Scan the entries for "pour". Every line that holds it is to be copied.

● ● ● ●

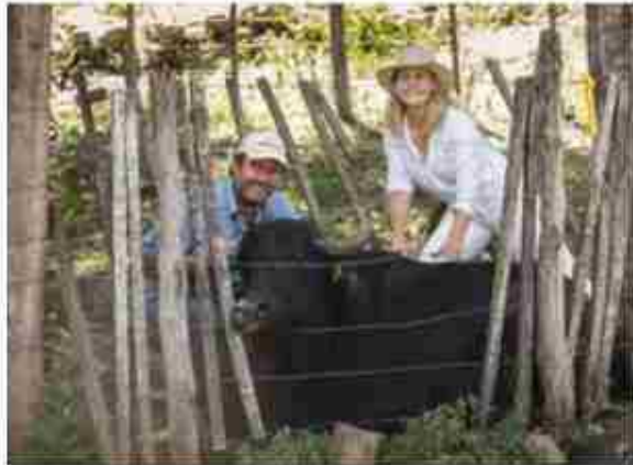
Historia de vida. Se animaron a criar búfalos en las sierras cordobesas
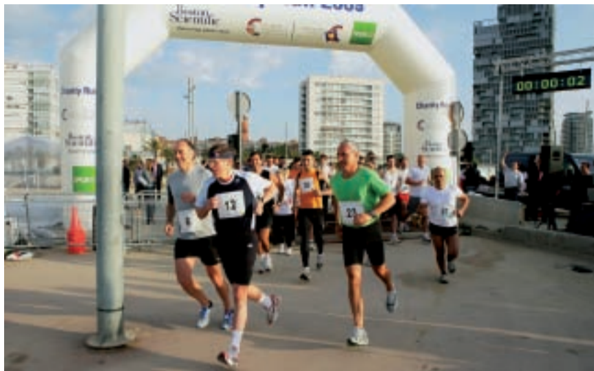
Un moment de la cursa, que es va fer el 20 de maig.

La cursa va tenir un horari molt especial, ja que va fer llevar els organitzadors i tots els participants –uns 70–, molt d'hora, perquè la sortida estava programada a les 7 hores del matí.
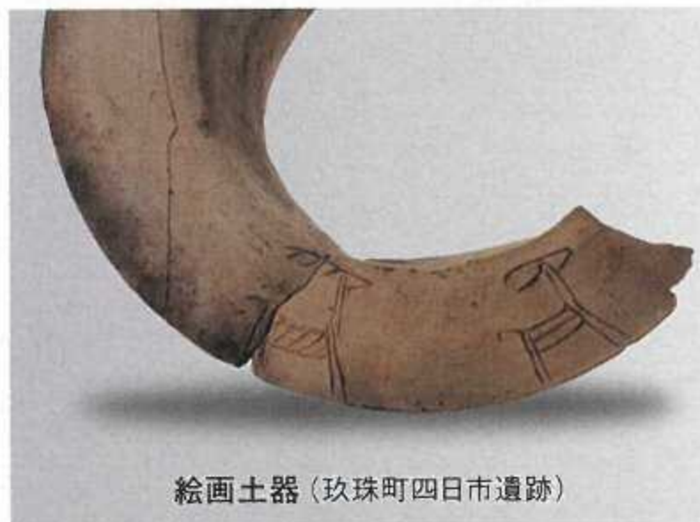
絵画土器(玖珠町四日市遺跡)
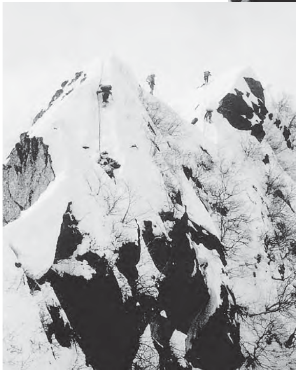
●左 34年、春山横尾尾根から槍ヶ岳横尾尾根「蟹の歯」を行く
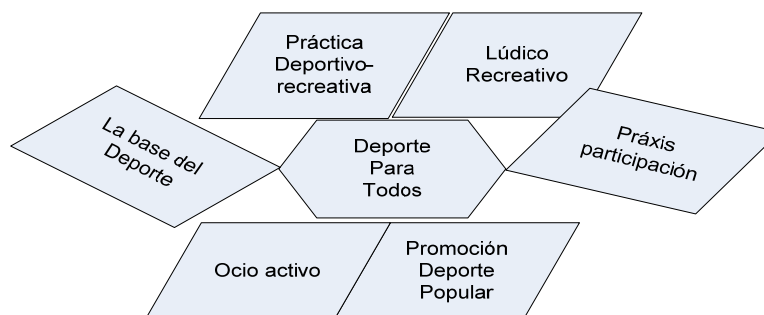
Figura 9: Manifestaciones de los sujetos en torno al Deporte para Todos.

En este sentido se percibe claramente entre las manifestaciones de los sujetos una concepción del Deporte ligada a lo lúdico, al ocio, cercana a la salud, a los hábitos saludables, y sobre todo, se presenta como una alternativa para la ocupación activa del tiempo libre. Vemos una clara alusión a un deporte inclusivo, no selectivo, fundamentado en aspectos educativos, que busca la dimensión recreativa del ser humano, y es atendido de forma multidisciplinar. En este sentido encaja con estudios como los de García Ferrando (2001), que señalan que la mayoría de los ciudadanos que hacen una práctica deportiva lo hacen para divertirse.
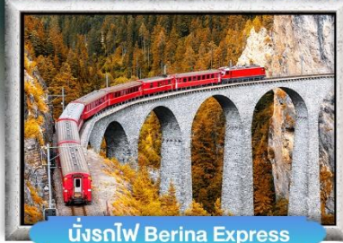
นั้งรถไฟ Berina Express
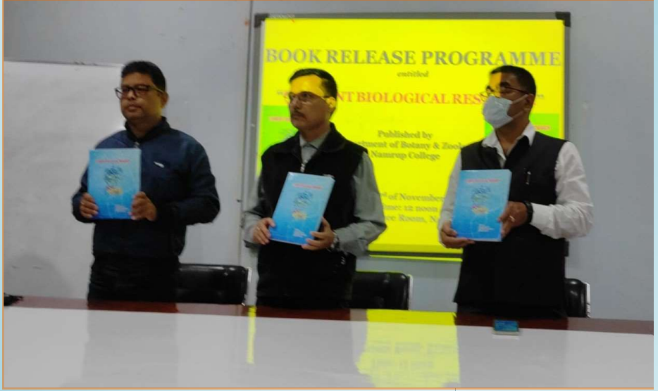
বিভাগীয় গ্ৰন্থ উন্মোচনী

প্ৰকৃতাৰ্থত আশা আকাংক্ষা বিলাক সুপথেৰে পৰিচালিত কৰি মানৱ মনৰ অনুভূতিৰ বিকাশেৰে মানৱীয় গুণসম্পন্ন হৈ থকাটোৱেই যে প্ৰকৃত জীৱন তেখেতে আমাক শিকাইছিল।।
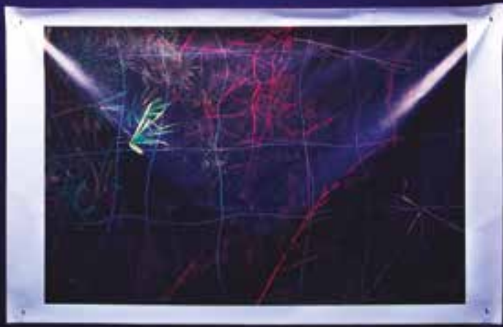
Destination, pour une image lue - Corentine Le Mestre, impression sur toile, image performée à Kochi en Inde, 2018

corentinelemestre. wixsite.com/corentine- lemestre fracdespaysdelaloire. com
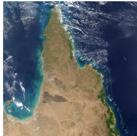
Yorský mys (Austrálie)
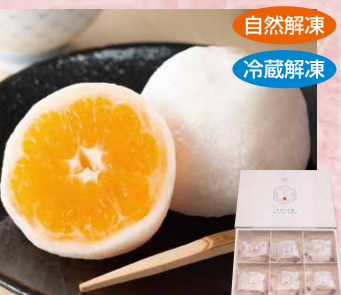
小林果園[温州みかん:愛媛県産] 133 しずく珠(みかん大福) 6個
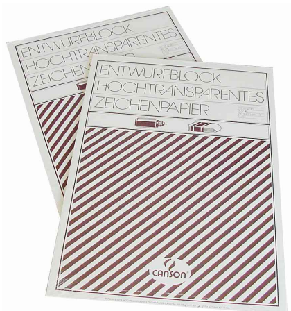
Visuel de référence: Bloc papier dessin
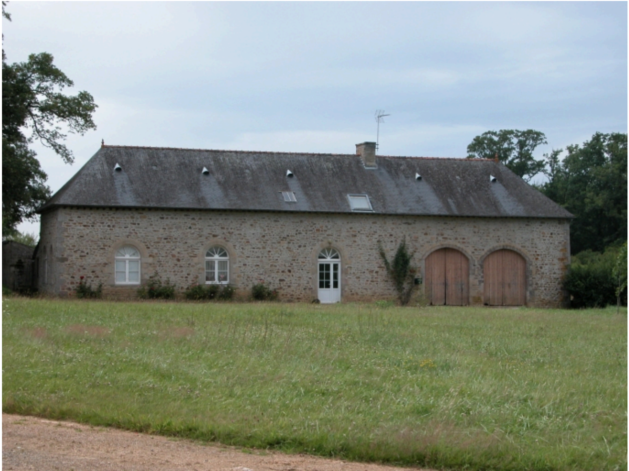
Communs, aile ouest
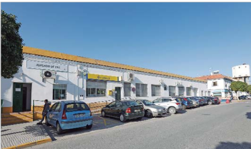
El edificio de Correos se va a ampliar para mejorar los servicios.

Invertirá 200.000 euros para anexionarse parte de las instalaciones del actual Juzgado de Paz, lo que le permitirá mejorar el servicio y ampliar el personal
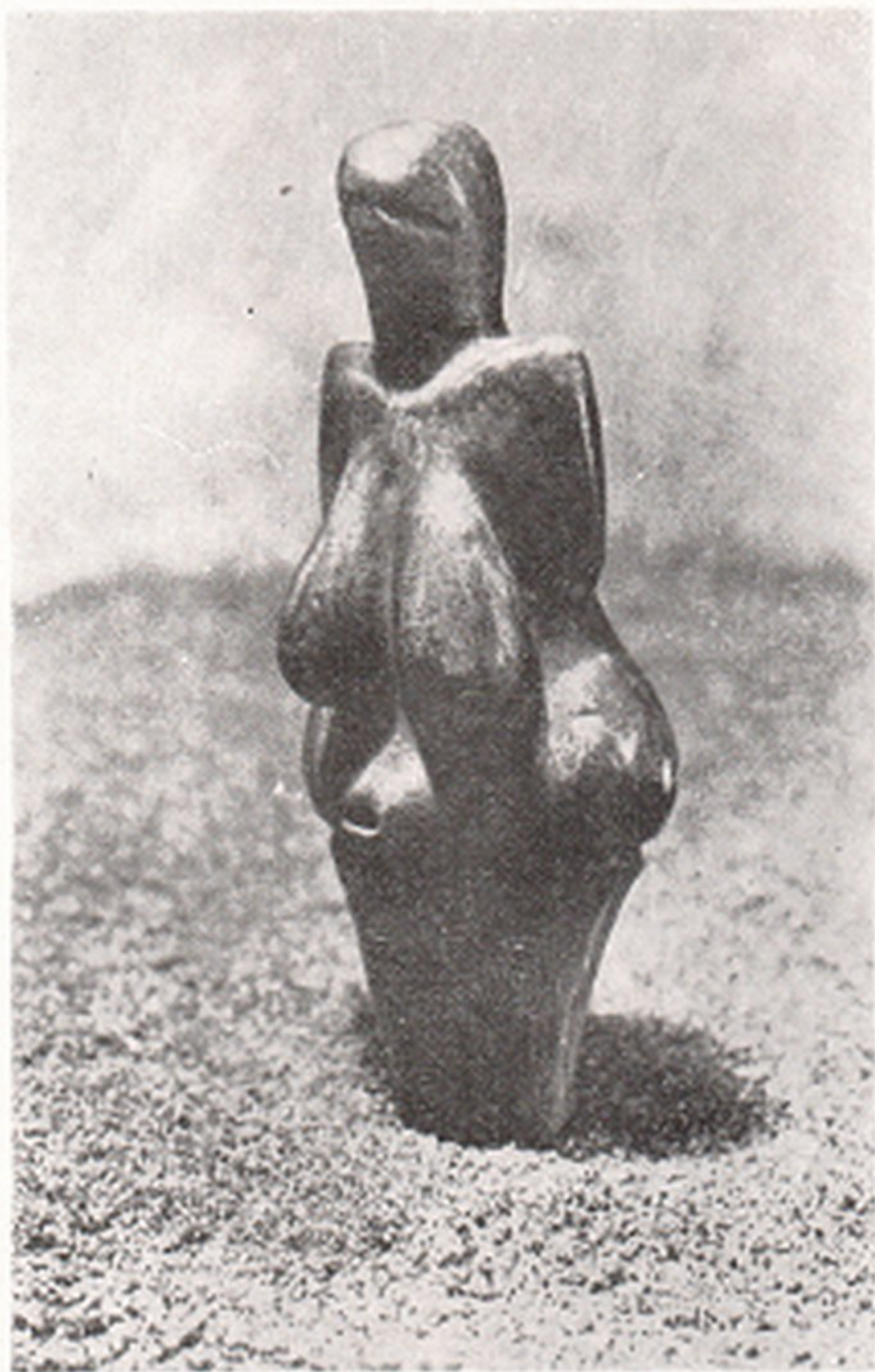
Res. 9. Orinyalıyen kadın heykeli Dolni Vestonice (Moravya - Çekoslavakya)
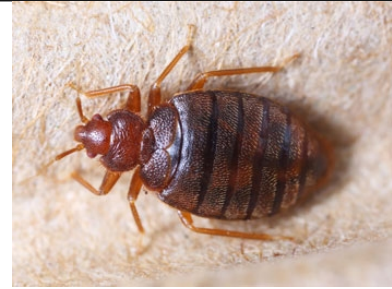
Photo d'une punaise de lit d'âge adulte

contact@laboratoire-klystal.com ou www.laboratoire-klystal.ca
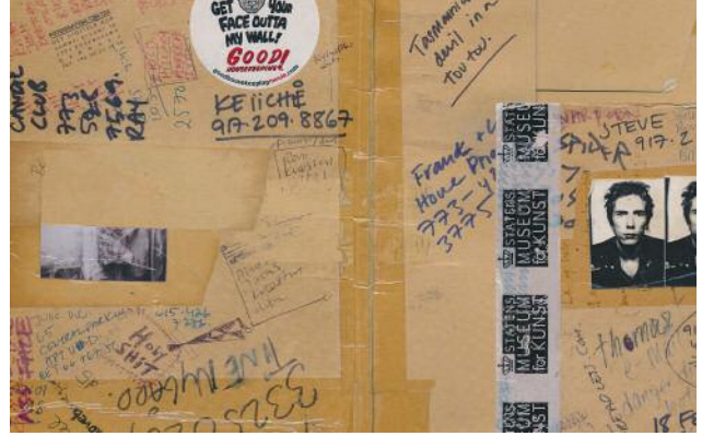
8 © Ada Bligaard Søby
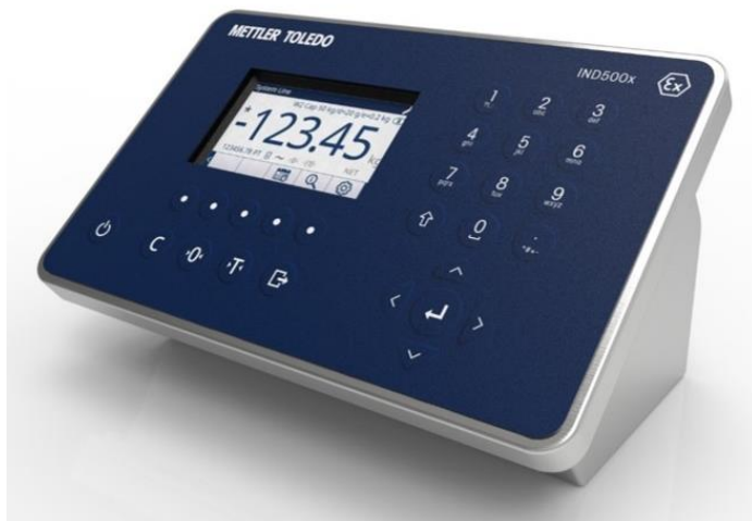
Typical Model / Modèle typique
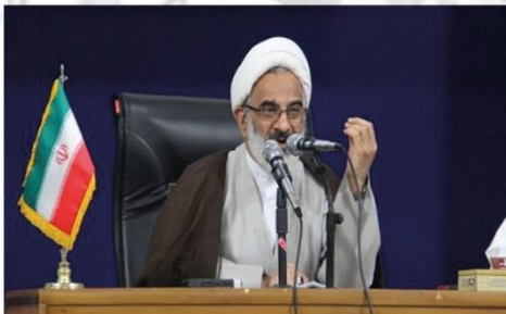
دومین همایش «منزلت نماز» قرارگاه منطقه‌ای ثامن الائمه(ع)
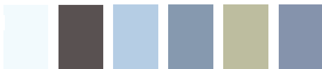
0117 weiß 0132 braun 0138 lichtgrau 0146* grau 0147 beige 436As alu metallic (M40/22)

Unverbindlich empfohlene Verkaufspreise in Euro, inklusive MwSt., 1. März 2009
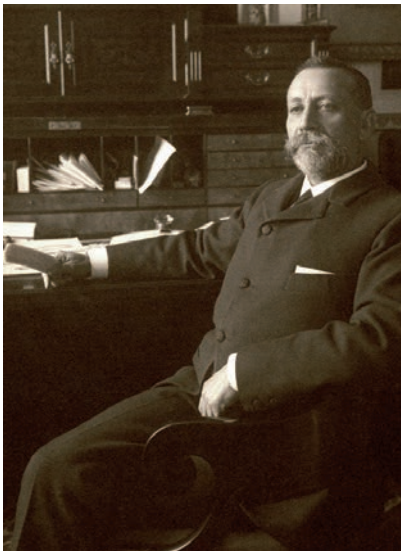
Le Prince Albert I er de Monaco à son bureau, 1907.

Le prince Albert I er , convaincu que les arts et la science sont au service de la vérité et de la paix, a donné, dès son avènement en 1889, une vive impulsion à l'activité musicale. Il a pu bénéficier pour cela de ses liens privilégiés avec des compositeurs comme Jules Massenet et Camille Saint-Saëns, ses confrères à l'Institut de France, avec qui il entretient des liens amicaux nourris d'une riche correspondance et de séjours réguliers au palais princier. Les deux musiciens ont contribué au rayonnement de la principauté, notamment grâce à deux œuvres, La Nef triomphale (Massenet) et Ouverture de fête (Saint-Saëns), créées pour l'inauguration du Musée océanographique (1910). Plus tard, Saint-Saëns, également ouvert au développement de la connaissance, particulièrement dans le domaine des sciences naturelles – Le Carnaval des animaux en est une belle illustration sonore -, salue l'« admirable discours » par lequel le prince a inauguré l'Institut de Paléontologie humaine et prévoit « qu'à l'avenir l'éclat de la Couronne du Prince sera éclipsé par l'auréole du savant » (lettre de Saint-Saëns à Albert I er , 3 janvier 1921). En ce début de saison 2021/2022, alors qu'un double anniversaire réunit les deux hommes (on commémore en 2021 le centenaire de la disparition du musicien et en 2022 celui du prince) célébrer leur amitié fait donc particulièrement sens.
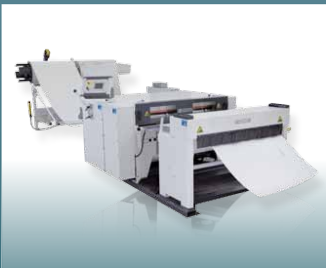
CNC linka na dělení plechu ze svitků
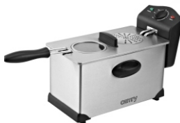
Deep Fryer 3L CR 4909

● ● ● ●

= Result for this exercise =
Destination, pour une image lue - Corentine Le Mestre, impression sur toile, image performée à Kochi en Inde, 2018
Le prince Albert I er , convaincu que les arts et la science sont au service de la vérité et de la paix, a donné, dès son avènement en 1889, une vive impulsion à l'activité musicale. Il a pu bénéficier pour cela de ses liens privilégiés avec des compositeurs comme Jules Massenet et Camille Saint-Saëns, ses confrères à l'Institut de France, avec qui il entretient des liens amicaux nourris d'une riche correspondance et de séjours réguliers au palais princier. Les deux musiciens ont contribué au rayonnement de la principauté, notamment grâce à deux œuvres, La Nef triomphale (Massenet) et Ouverture de fête (Saint-Saëns), créées pour l'inauguration du Musée océanographique (1910). Plus tard, Saint-Saëns, également ouvert au développement de la connaissance, particulièrement dans le domaine des sciences naturelles – Le Carnaval des animaux en est une belle illustration sonore -, salue l'« admirable discours » par lequel le prince a inauguré l'Institut de Paléontologie humaine et prévoit « qu'à l'avenir l'éclat de la Couronne du Prince sera éclipsé par l'auréole du savant » (lettre de Saint-Saëns à Albert I er , 3 janvier 1921). En ce début de saison 2021/2022, alors qu'un double anniversaire réunit les deux hommes (on commémore en 2021 le centenaire de la disparition du musicien et en 2022 celui du prince) célébrer leur amitié fait donc particulièrement sens.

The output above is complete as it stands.